**Task brief**
Your output should be the exact lines from the start of the data through the line containing "Box plots of", with no pictures.

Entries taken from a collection
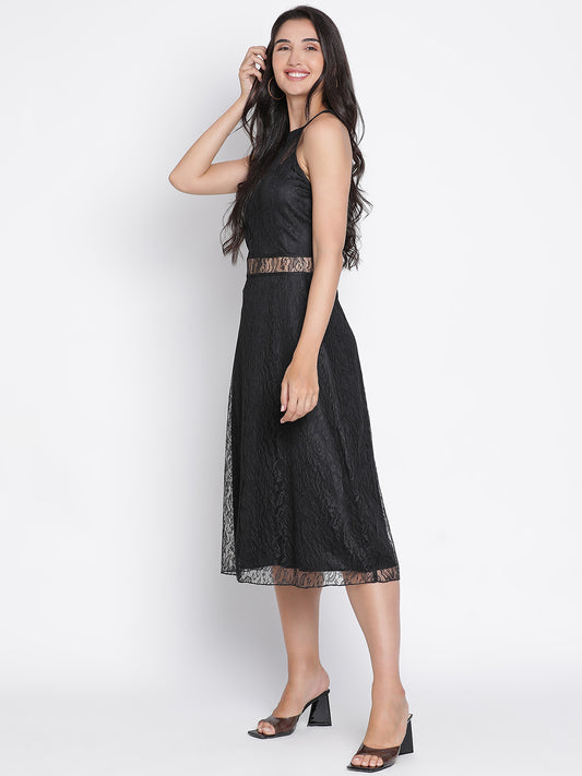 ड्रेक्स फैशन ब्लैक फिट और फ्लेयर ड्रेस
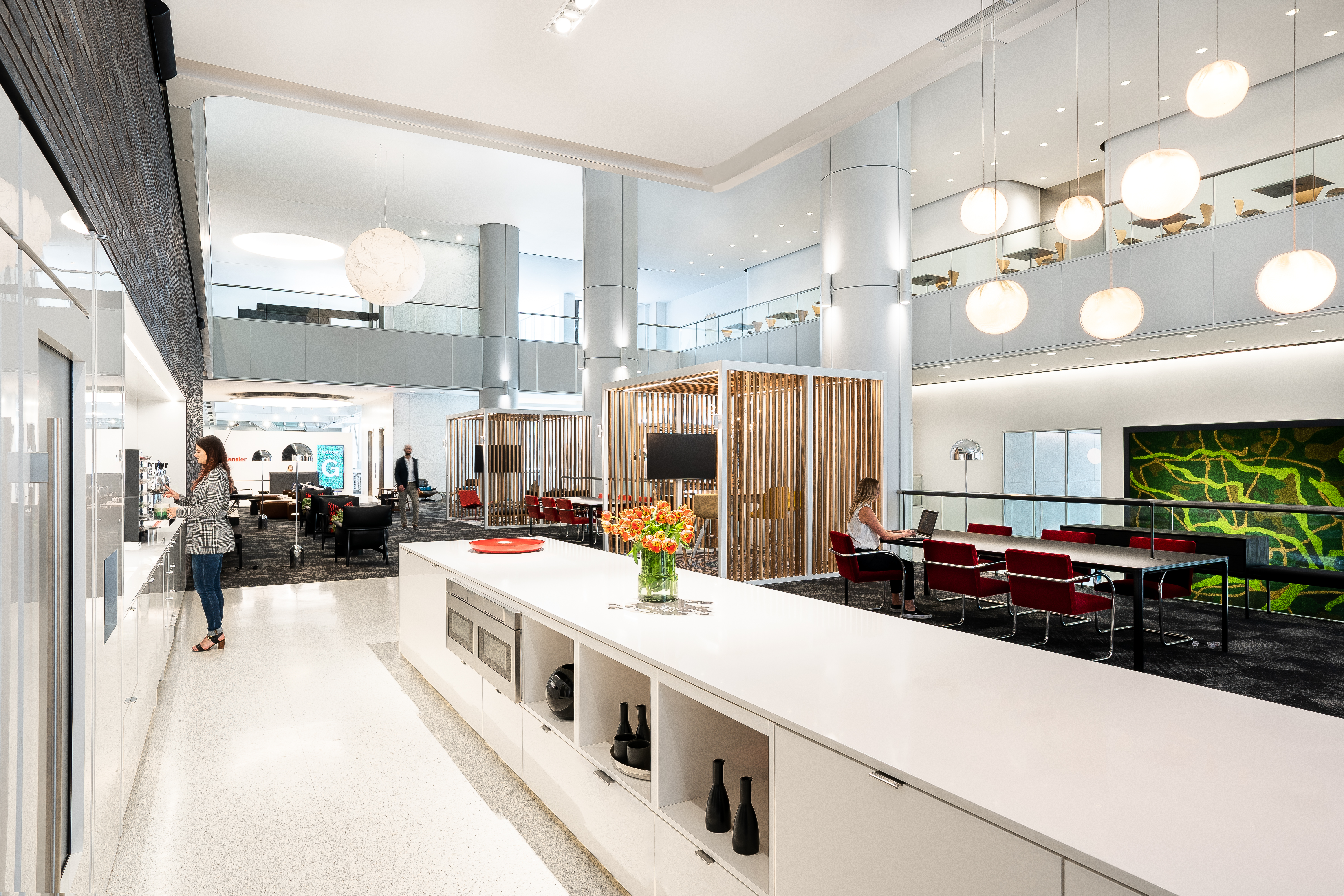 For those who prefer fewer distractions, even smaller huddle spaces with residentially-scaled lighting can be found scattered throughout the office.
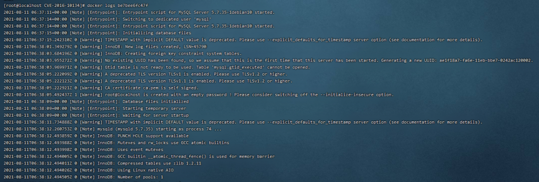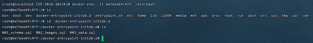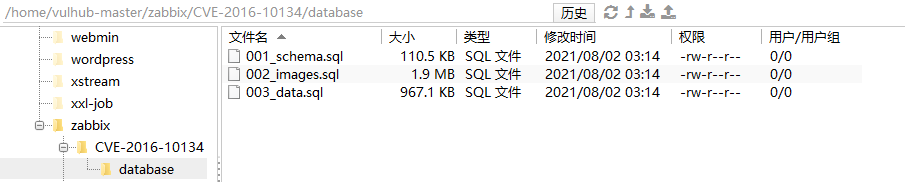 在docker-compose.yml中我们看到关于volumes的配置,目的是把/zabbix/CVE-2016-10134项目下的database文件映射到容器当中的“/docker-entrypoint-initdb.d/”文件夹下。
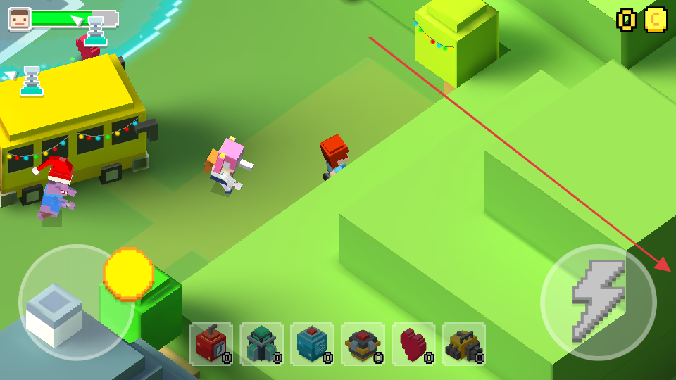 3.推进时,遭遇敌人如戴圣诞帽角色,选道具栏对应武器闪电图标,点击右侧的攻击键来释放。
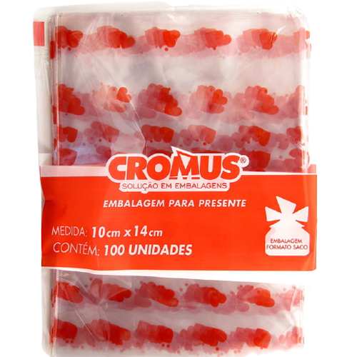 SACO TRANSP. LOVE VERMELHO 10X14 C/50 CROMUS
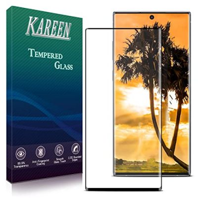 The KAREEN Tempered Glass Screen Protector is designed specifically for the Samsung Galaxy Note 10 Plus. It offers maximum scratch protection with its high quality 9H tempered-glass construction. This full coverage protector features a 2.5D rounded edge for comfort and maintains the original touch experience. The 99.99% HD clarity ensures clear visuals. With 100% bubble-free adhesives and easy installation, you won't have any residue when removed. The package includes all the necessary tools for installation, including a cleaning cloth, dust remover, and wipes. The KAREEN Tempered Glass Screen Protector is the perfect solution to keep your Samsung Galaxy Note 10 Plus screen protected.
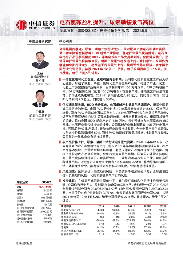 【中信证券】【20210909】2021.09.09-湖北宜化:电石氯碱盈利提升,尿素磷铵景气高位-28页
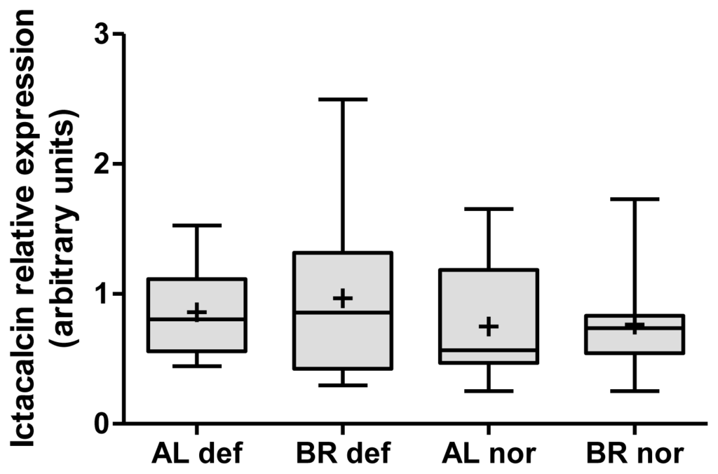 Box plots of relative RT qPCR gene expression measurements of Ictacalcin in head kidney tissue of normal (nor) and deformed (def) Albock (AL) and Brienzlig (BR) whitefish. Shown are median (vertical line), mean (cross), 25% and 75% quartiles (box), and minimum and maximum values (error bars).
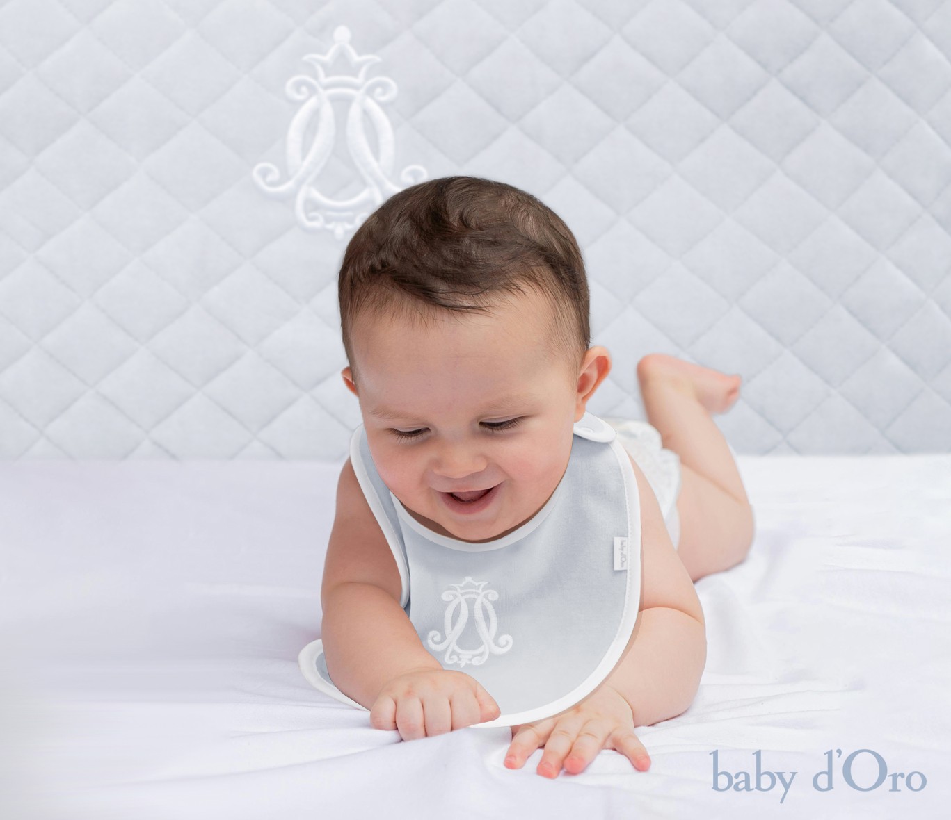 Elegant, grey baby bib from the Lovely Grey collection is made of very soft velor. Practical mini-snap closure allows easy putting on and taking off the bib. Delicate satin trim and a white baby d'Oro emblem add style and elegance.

**Output for this exercise**
 ड्रेक्स फैशन ब्लैक फिट और फ्लेयर ड्रेस
 For those who prefer fewer distractions, even smaller huddle spaces with residentially-scaled lighting can be found scattered throughout the office.
 在docker-compose.yml中我们看到关于volumes的配置,目的是把/zabbix/CVE-2016-10134项目下的database文件映射到容器当中的“/docker-entrypoint-initdb.d/”文件夹下。
 3.推进时,遭遇敌人如戴圣诞帽角色,选道具栏对应武器闪电图标,点击右侧的攻击键来释放。
 SACO TRANSP. LOVE VERMELHO 10X14 C/50 CROMUS
 The KAREEN Tempered Glass Screen Protector is designed specifically for the Samsung Galaxy Note 10 Plus. It offers maximum scratch protection with its high quality 9H tempered-glass construction. This full coverage protector features a 2.5D rounded edge for comfort and maintains the original touch experience. The 99.99% HD clarity ensures clear visuals. With 100% bubble-free adhesives and easy installation, you won't have any residue when removed. The package includes all the necessary tools for installation, including a cleaning cloth, dust remover, and wipes. The KAREEN Tempered Glass Screen Protector is the perfect solution to keep your Samsung Galaxy Note 10 Plus screen protected.
 【中信证券】【20210909】2021.09.09-湖北宜化:电石氯碱盈利提升,尿素磷铵景气高位-28页
 Box plots of relative RT qPCR gene expression measurements of Ictacalcin in head kidney tissue of normal (nor) and deformed (def) Albock (AL) and Brienzlig (BR) whitefish. Shown are median (vertical line), mean (cross), 25% and 75% quartiles (box), and minimum and maximum values (error bars).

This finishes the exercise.